=== Begin Enclosure ===
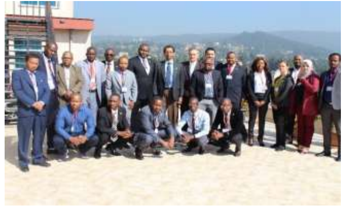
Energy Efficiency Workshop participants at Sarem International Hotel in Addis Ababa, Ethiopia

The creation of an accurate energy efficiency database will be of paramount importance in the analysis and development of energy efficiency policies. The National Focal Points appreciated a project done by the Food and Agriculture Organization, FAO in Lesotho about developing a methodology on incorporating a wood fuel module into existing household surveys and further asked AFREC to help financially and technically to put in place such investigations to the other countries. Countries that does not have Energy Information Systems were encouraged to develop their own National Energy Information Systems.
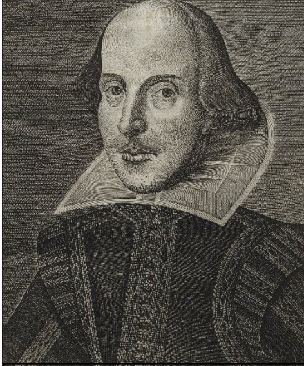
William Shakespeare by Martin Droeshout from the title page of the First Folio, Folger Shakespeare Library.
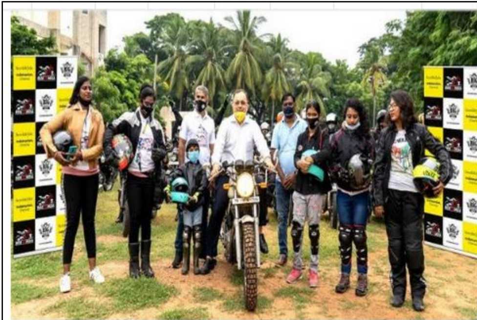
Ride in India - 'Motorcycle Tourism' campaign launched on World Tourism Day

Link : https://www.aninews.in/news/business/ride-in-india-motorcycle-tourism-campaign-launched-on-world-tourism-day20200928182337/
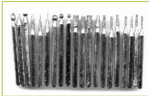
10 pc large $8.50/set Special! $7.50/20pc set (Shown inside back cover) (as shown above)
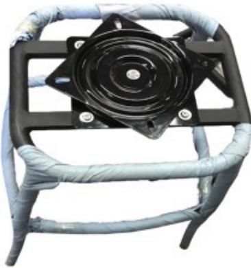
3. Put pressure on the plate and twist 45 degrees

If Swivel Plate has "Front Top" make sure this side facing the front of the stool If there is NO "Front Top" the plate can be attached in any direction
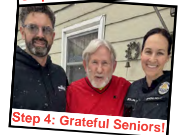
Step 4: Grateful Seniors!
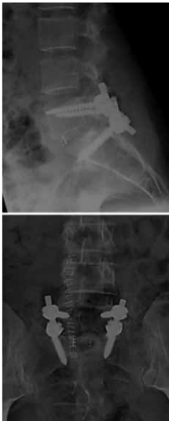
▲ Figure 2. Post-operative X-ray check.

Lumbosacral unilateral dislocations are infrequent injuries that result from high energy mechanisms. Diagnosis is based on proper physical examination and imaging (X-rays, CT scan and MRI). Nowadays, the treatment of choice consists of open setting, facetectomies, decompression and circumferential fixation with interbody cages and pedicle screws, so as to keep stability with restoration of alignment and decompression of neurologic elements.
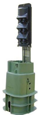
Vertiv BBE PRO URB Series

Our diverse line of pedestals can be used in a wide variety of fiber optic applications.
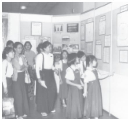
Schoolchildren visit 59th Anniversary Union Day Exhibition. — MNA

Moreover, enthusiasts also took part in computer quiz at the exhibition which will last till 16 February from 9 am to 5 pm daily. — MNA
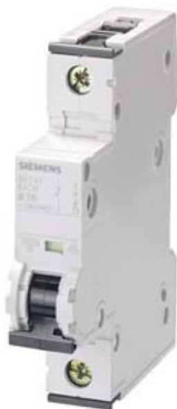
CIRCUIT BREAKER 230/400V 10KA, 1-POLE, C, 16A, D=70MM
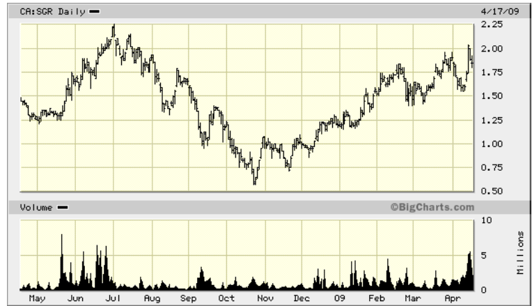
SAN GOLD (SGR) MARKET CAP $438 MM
=== End Enclosure ===
* PROBLEM DESCRIPTION: Restate the preceding entries in full, word for word, with the pictures removed.

* ANSWER SECTION:
Energy Efficiency Workshop participants at Sarem International Hotel in Addis Ababa, Ethiopia

The creation of an accurate energy efficiency database will be of paramount importance in the analysis and development of energy efficiency policies. The National Focal Points appreciated a project done by the Food and Agriculture Organization, FAO in Lesotho about developing a methodology on incorporating a wood fuel module into existing household surveys and further asked AFREC to help financially and technically to put in place such investigations to the other countries. Countries that does not have Energy Information Systems were encouraged to develop their own National Energy Information Systems.
William Shakespeare by Martin Droeshout from the title page of the First Folio, Folger Shakespeare Library.
Ride in India - 'Motorcycle Tourism' campaign launched on World Tourism Day

Link : https://www.aninews.in/news/business/ride-in-india-motorcycle-tourism-campaign-launched-on-world-tourism-day20200928182337/
10 pc large $8.50/set Special! $7.50/20pc set (Shown inside back cover) (as shown above)
3. Put pressure on the plate and twist 45 degrees

If Swivel Plate has "Front Top" make sure this side facing the front of the stool If there is NO "Front Top" the plate can be attached in any direction
Step 4: Grateful Seniors!
▲ Figure 2. Post-operative X-ray check.

Lumbosacral unilateral dislocations are infrequent injuries that result from high energy mechanisms. Diagnosis is based on proper physical examination and imaging (X-rays, CT scan and MRI). Nowadays, the treatment of choice consists of open setting, facetectomies, decompression and circumferential fixation with interbody cages and pedicle screws, so as to keep stability with restoration of alignment and decompression of neurologic elements.
Vertiv BBE PRO URB Series

Our diverse line of pedestals can be used in a wide variety of fiber optic applications.
Schoolchildren visit 59th Anniversary Union Day Exhibition. — MNA

Moreover, enthusiasts also took part in computer quiz at the exhibition which will last till 16 February from 9 am to 5 pm daily. — MNA
CIRCUIT BREAKER 230/400V 10KA, 1-POLE, C, 16A, D=70MM
SAN GOLD (SGR) MARKET CAP $438 MM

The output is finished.